Mr Splashy Pants / Greenpeace.org

Mr Splashy Pants / Greenpeace.org

Mister Splashy Pants, a whale named after Greenpeace held a naming competition in 2007 isn’t really news, but Alexis Ohanian, who is a founder of Reddit tells a great story at TED (in 3 minutes no less!) of how social media created a meme, took Greenpeace by surprise, won the competition, Greenpeace ceded control and in the end saved whales, literally.

The example shows one way for establish organizations to work with social media: Loosen up and go with the flow. Make the most of the situation and the attention. You need to give something up to gain people’s trust and participation. This is something that corporations and non-profits alike are mortally afraid to do.
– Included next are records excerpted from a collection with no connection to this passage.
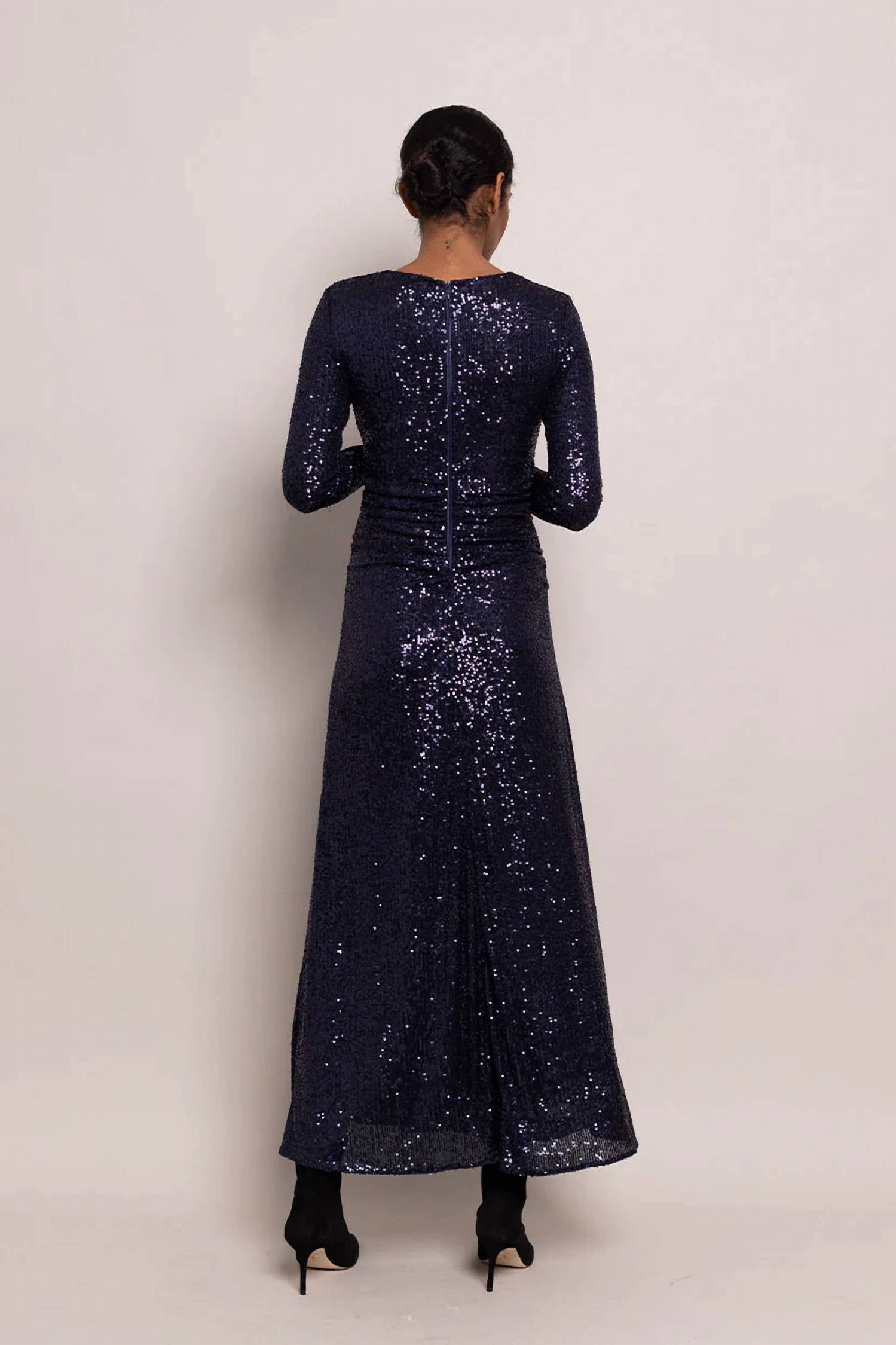 Stylish long sleeves and a flattering A-line silhouette. Crafted from 100% polyester with a poly mesh lining and sequin embellishments. Chic garment in Midnight Sequins. Ensures elegance and comfort. Invisible back zip with hook-and-eye. Dry clean only or hand wash cold. Made in China.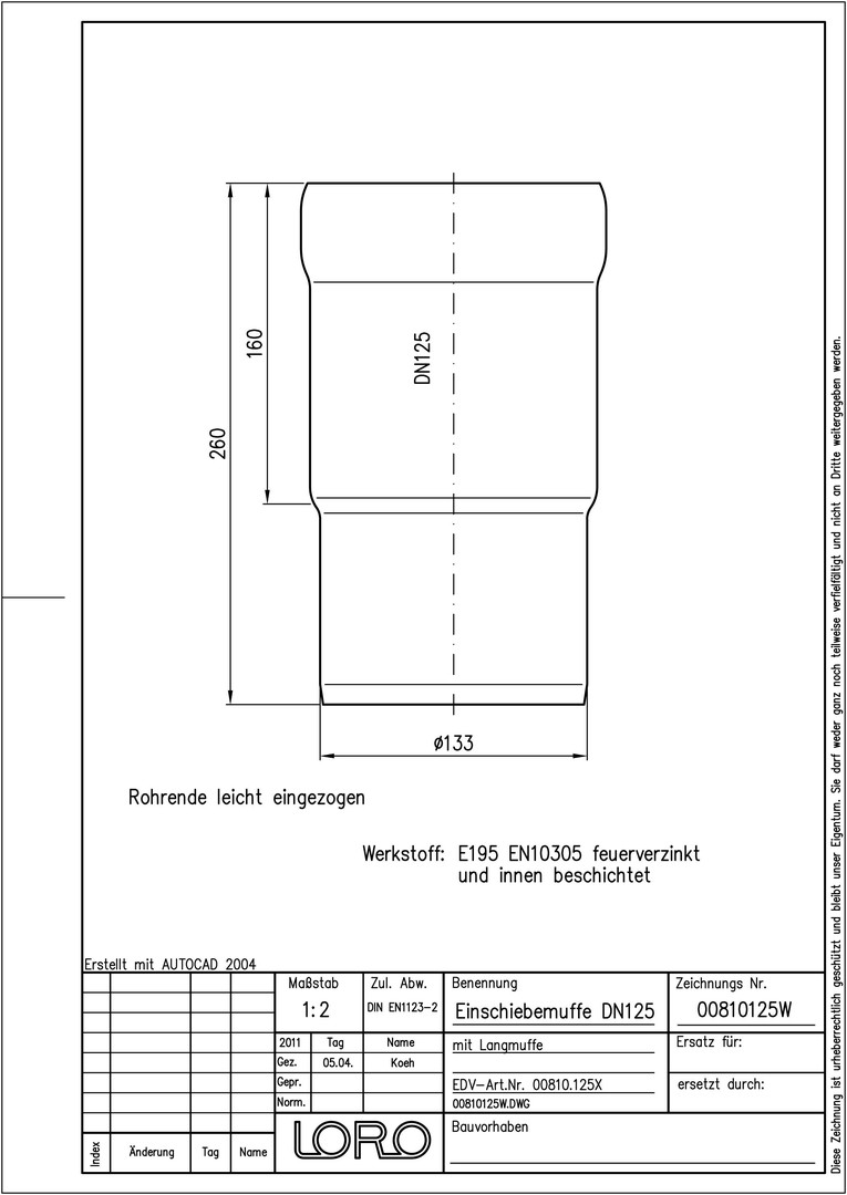 LORO X Einschiebmuffe DN 125, mit Langmuffe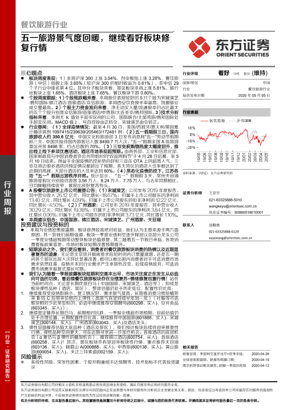 【东方证券】【20200505】餐饮旅游行业周报:五一旅游景气度回暖,继续看好板块修复行情-29页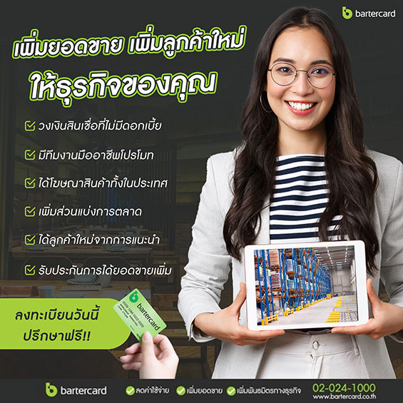 สำหรับผู้ประกอบการที่สนใจอยากให้บาร์เทอร์คาร์ด เป็นตัวกลางในการต่อยอดธุรกิจให้เติบโตอย่างไม่มีสะดุด สามารถสมัครสมาชิกกับ Bartercard หรือติดต่อสอบถามข้อมูลเพิ่มเติมได้ที่ โทร. 02-024-1000 และ Facebook: Bartercard Thailand หรือ เว็บไซต์ https://www.bartercard.co.th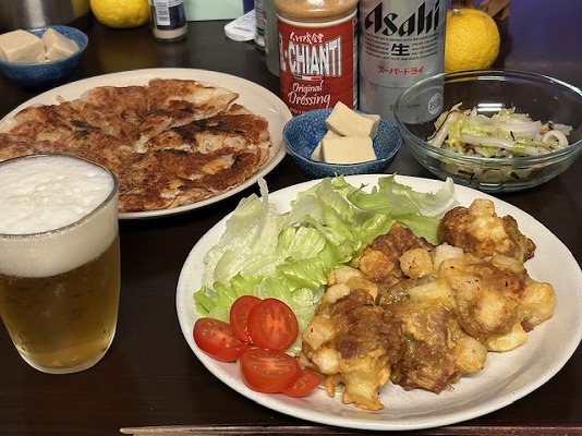 メニューはビールの横から、長芋と豚肉のカレーから揚げ・白菜サラダ・高野豆腐・すりおろしレンコン焼き

Organizations are afraid of losing control over their message. But what is brand identity anyway? Isn’t it something that forms in the minds of the customers and participants? And it’s hard to control what people think of you. Individuals are constantly making adjustments to accommodate, influence or reject the way they are perceived by others. But it’s an ongoing relationship, not one-way. The more social we get in the use of internet technologies, the more relationship-oriented things will be.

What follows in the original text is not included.